Unincorporated community in Wyoming, United States

The Buttes is an unincorporated community in Albany County, Wyoming, United States. The population was 31 at the 2000 census, when it was a census-designated place (CDP).

==Geography==
According to the United States Census Bureau, in 2000 the CDP has a total area of 4.0 square miles (10.3 km^{2}), of which 3.9 square miles (10.2 km^{2}) is land and 0.04 square mile (0.1 km^{2}) (1.01%) is water.

==Demographics==
As of the census of 2000, there were 31 people, 14 households, and 13 families residing in the CDP. The population density was 7.9 people per square mile (3.0/km^{2}). There were 14 housing units at an average density of 3.6/sq mi (1.4/km^{2}).

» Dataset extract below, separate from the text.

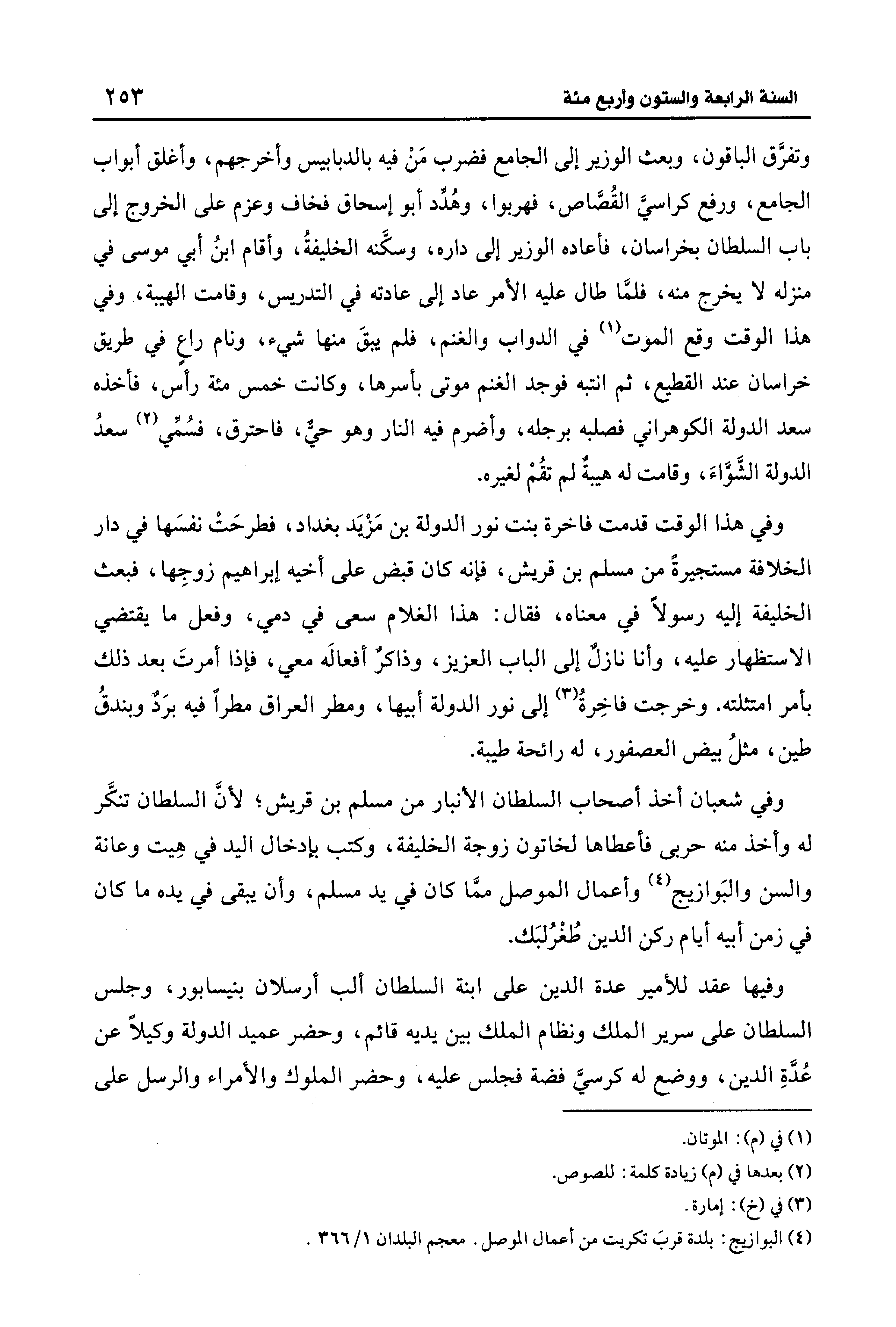 وفي شعبان أخذ أصحاب السلطان الأنبار من مسلم بن قريش؛ لأنَّ السلطان تنكَّر له وأخذ منه حربى فأعطاها لخاتون زوجة الخليفة، وكتب بإدخال اليد في هِيت وعانة والسن والبَوازيج (¬4) وأعمال الموصل ممَّا كان في يد مسلم، وأن يبقى في يده ما كان في زمن أبيه أيام ركن الدين طُغْرُلبَك.

The racial makeup of the CDP was 100.00% White.

There were 14 households, out of which 14.3% had children under the age of 18 living with them, 92.9% were married couples living together, and 7.1% were non-families. 7.1% of all households were made up of individuals, and none had someone living alone who was 65 years of age or older. The average household size was 2.21 and the average family size was 2.31.

In the CDP the population was spread out, with 12.9% under the age of 18, 12.9% from 25 to 44, 67.7% from 45 to 64, and 6.5% who were 65 years of age or older. The median age was 52 years. For every 100 females, there were 93.8 males. For every 100 females age 18 and over, there were 107.7 males.

The median income for a household in the CDP was $63,750, and the median income for a family was $63,750. Males had a median income of $46,250 versus $18,750 for females. The per capita income for the CDP was $16,154. None of the population or families were below the poverty line.

==Education==
Public education in the community of The Buttes is provided by Albany County School District #1.

== Infrastructure ==
=== Utilities ===
Electrical power in the community of The Buttes is provided by Carbon Power and Light, Inc.